Last night we reviewed our planned route out of Saint-Jean-Pied-de-Port and recognized that it was on the busy D918 highway. This routing was from the route Raid Pyrenean Randonneur. It was not exactly what we are looking for, so we reconfigured the plan to pass Saint-Étienne-de-Baïgorry and then head onto a small country road (D349) beyond Bidarray. We had ridden this same route but in the opposite direction last October. Of course, it looked familiar as we rode it but when we mapped it out, much of it looked new to us.
We had breakfast with Catharine, the hostess at Maison Simonenia. She was such a delight to be around. She even packaged up a couple of sandwiches for the road and we said good bye - likely for the last time -but you can never say never.
Part of the new Maison LAURENTZENIA. We stayed in the room on the second floor left side.
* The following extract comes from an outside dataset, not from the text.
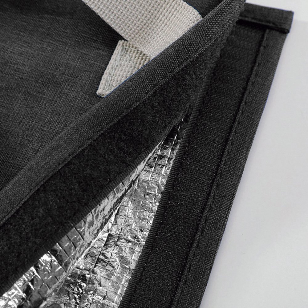 Lonchera en oxfrod con interior de aluminio térmico. Manijas refozadas. De 22,5 x 13 x 25.5 cm

Rue d'Espagne in Saint-Jean-Pied-de-Port. Walker getting ready to leave town. Day 1 on the Camino Frances from St Jean to Roncesvalles, Spain. It is around 24km and will take 7 to 9 hours if you walk it in one day. It is a tough day.
In Biderray: Pont d’Enfer (Hell’s Bridge). Legend has it that when the Devil realized that he could not learn the Basque language, he threw himself off this bridge into the Nive River.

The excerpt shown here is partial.